Measuring exposure to infectious agents is most frequently undertaken by measuring antibodies that, for many agents, are stable makers of exposure that may change in magnitude based on high or low viral loads, or following repeated exposure or reactivation such as with Hp or varicella-zoster virus (VZV) respectively14. Antibody assays are simple to perform but in their traditional solid phase format, it rapidly becomes impractical to perform assays for measuring antibodies against multiple pathogen-specific antigens in large studies. Recent technological advances have facilitated the development of high throughput systems capable of measuring antibodies against multiple antigens simultaneously. Flow-based methods incorporating fluorescently labelled synthetic beads with conjugated antigens offer a particularly attractive means to achieve scalability with minimal impact on assay performance. Furthermore, such methods permit the testing for antibodies against multiple antigens and pathogens simultaneously which may then enable a deeper understanding of how specific antigen exposure may differentially associate with disease susceptibility. In particular, the suspension array technology commonly referred to as “Multiplex Serology”15 developed at the German Cancer Research Center has been successfully utilised in multiple large seroepidemiological investigations16,17. The application of such technology in UKB offers the opportunity to test for the risk of prior exposure to infectious agents (through cross-sectional antibody measure), and subsequent incidence of cases of a disease of interest, adjusting for potential confounders that should provide a more reliable estimation of risk and causality.
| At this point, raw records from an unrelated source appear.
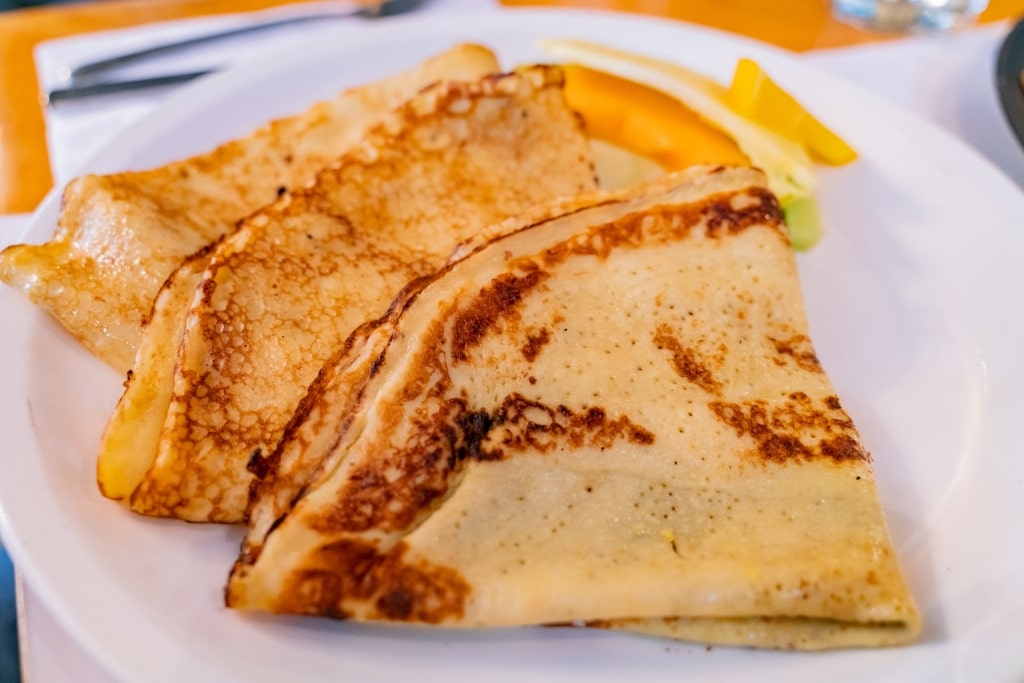 Often, they’re made with buckwheat flour, which gives them a slightly earthy flavor. Thinner than American-style pancakes and ever-so-slightly thicker than their traditional French crêpe, they’re such a superb vehicle for maple syrup that after trying them, you may never be able to go back.
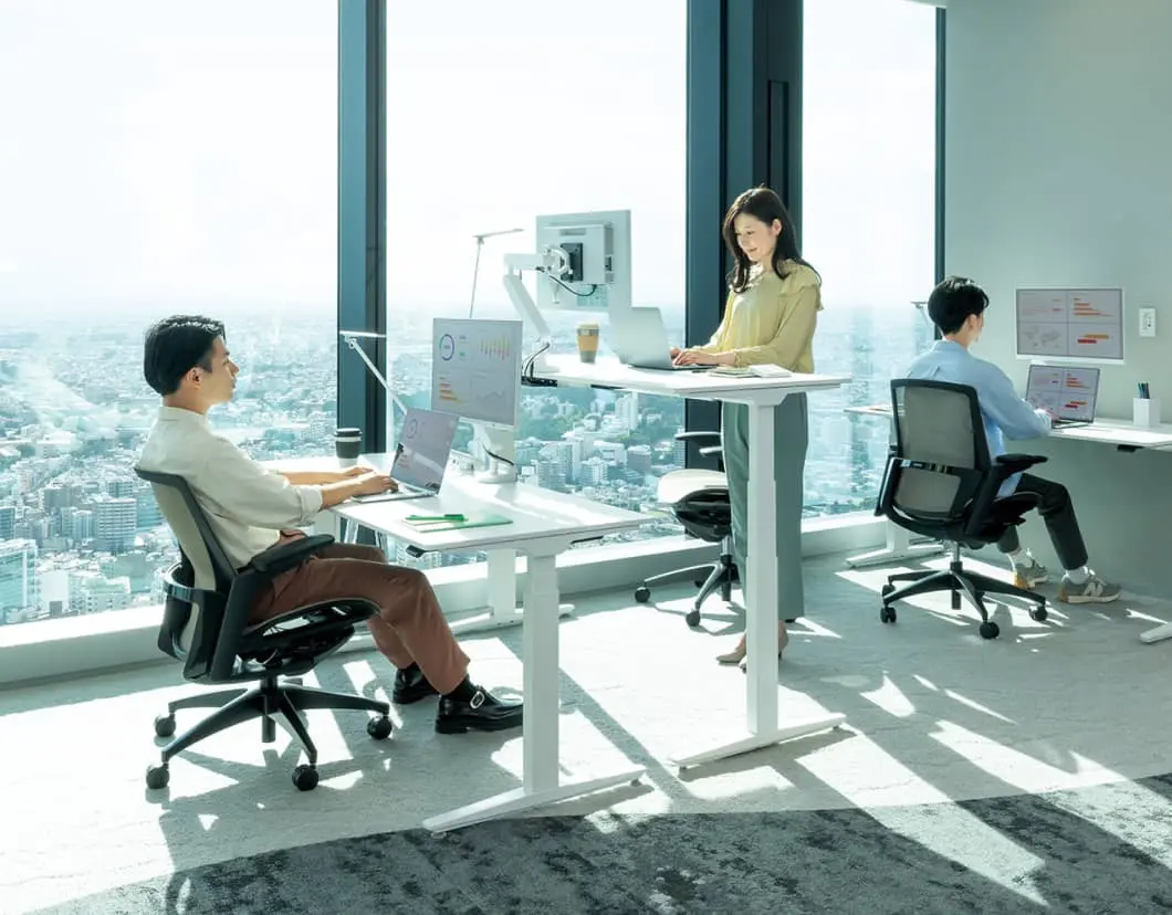 たとえば天板の高さが自在に変えられる上下昇降デスクや、背もたれの角度など多彩な調整ができるチェアにしてみませんか。姿勢だけでなく気分も変わり、からだとこころの健康に効果的です。
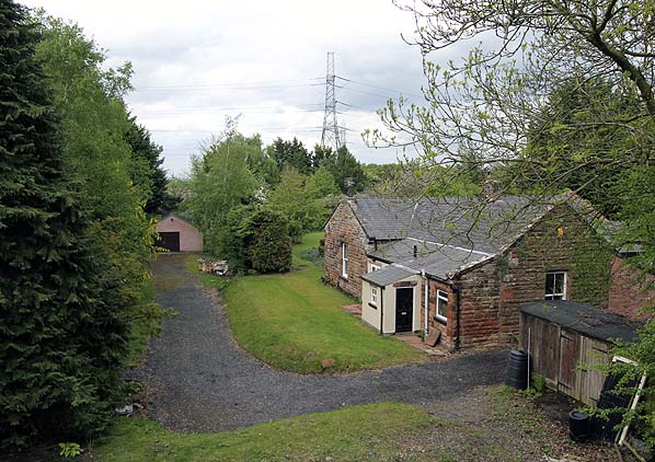 Two miles south of the summit in the 'middle of nowhere' the NBR built what was to become one of the most famous junction stations in Britain in the heart of the Lees Bog. Prior to the railway, apart from a remote shepherd’s bothy, there were no buildings or inhabitants in the area, but the railway brought its own community in the form of Riccarton railway village comprising terraced housing, a shop on the station platform, a school and a three-road engine shed with room for six locomotives; a two-road carriage shed, two signal boxes, a gas plant, turntable and coaling facilities were also provided. At Riccarton, the line made a junction with the Border Counties line extension running through Reedsmouth and Bellingham to the Tyne Valley line at Hexham.
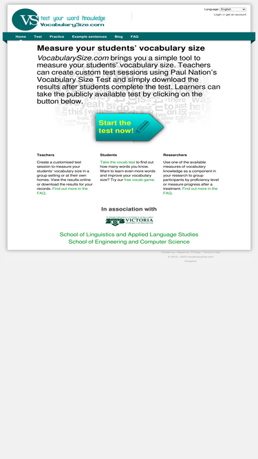 88%find out how many words you know with this free vocabulary size test. the english vocabulary size test is free for students and learners take. teachers and researchers can create customised test sessions to measure their students' vocabulary sizes and then download the results.
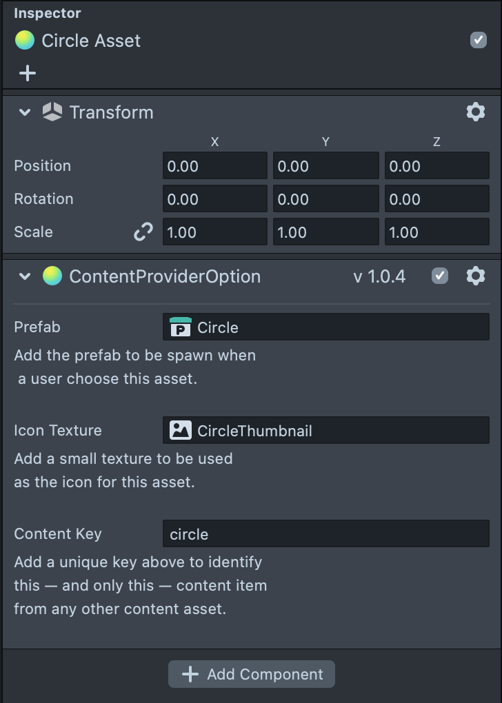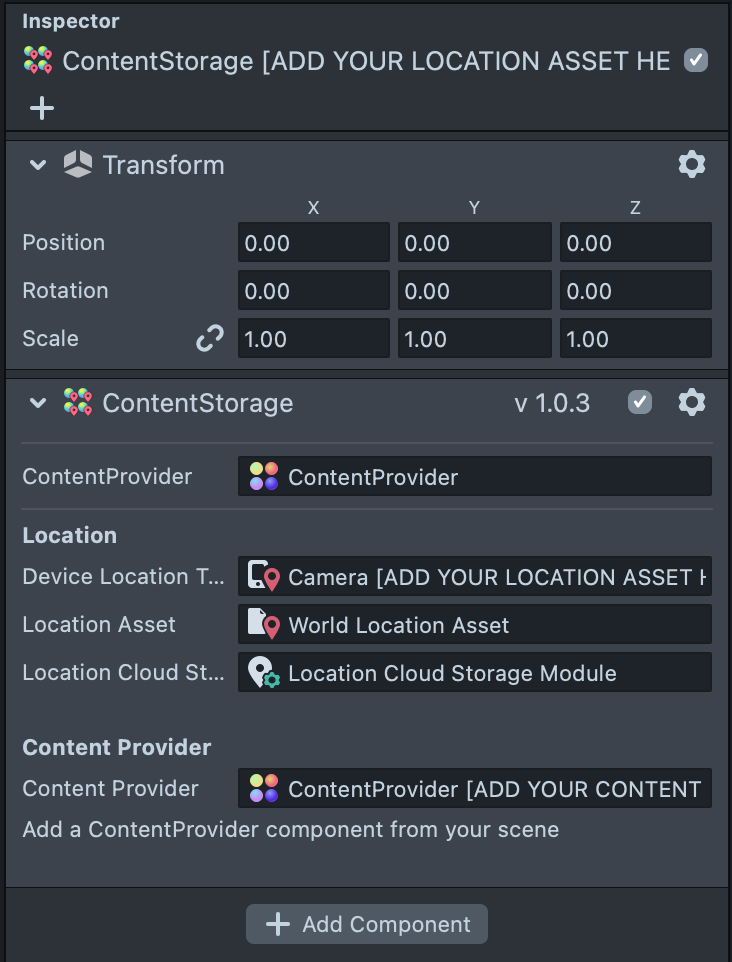 - Add a Content Storage component to your scene which can be linked to a Content Provider component.

Here, we describe the results from the first phase of a project to measure antibody responses against 45 antigens from 20 infectious agents using an extended and fully validated Multiplex Serology panel that we intend to apply to all 500,000 UKB participants. Using a randomly selected subset of 9695 individuals, we demonstrate the high performance characteristics of the platform specifically adapted for high throughput and demonstrate the compatibility with prior single agent studies through confirming expected seroprevalence estimates and reproducing previously reported cross-sectional epidemiological and genetic associations with infectious agent exposure that may have utility in a range of future explorations. We highlight the significant benefit of these Multiplex Serology data when used alongside existing rich UKB data and their potential utility for understanding NCD development, with particular relevance to two exemplar diseases: cervical cancer and multiple sclerosis (MS).

Results

UK biobank sample overview

The baseline demographic and behavioural characteristics of the 9695 UKB individuals selected at random and included in this Multiplex Serology study were comparable with the remaining 493,852 individuals with serum available for similar future analyses (Table 1). Consistent with previous reports from UKB18, this sample consists of a greater proportion of females (55.9%) versus males, individuals of self-reported White ethnicity (94.3%) and those of a more affluent background (52.7 with a Townsend deprivation index (TDI) less than -2). There was a high proportion of individuals who consumed alcohol (91.9%) with only 9.8% of individuals reporting current smoking.

Table 1 Baseline characteristics of the 9,695 randomly selected individuals with Multiplex Serology data compared with the remainder of the UKB cohort with equivalent samples remaining for future analyses.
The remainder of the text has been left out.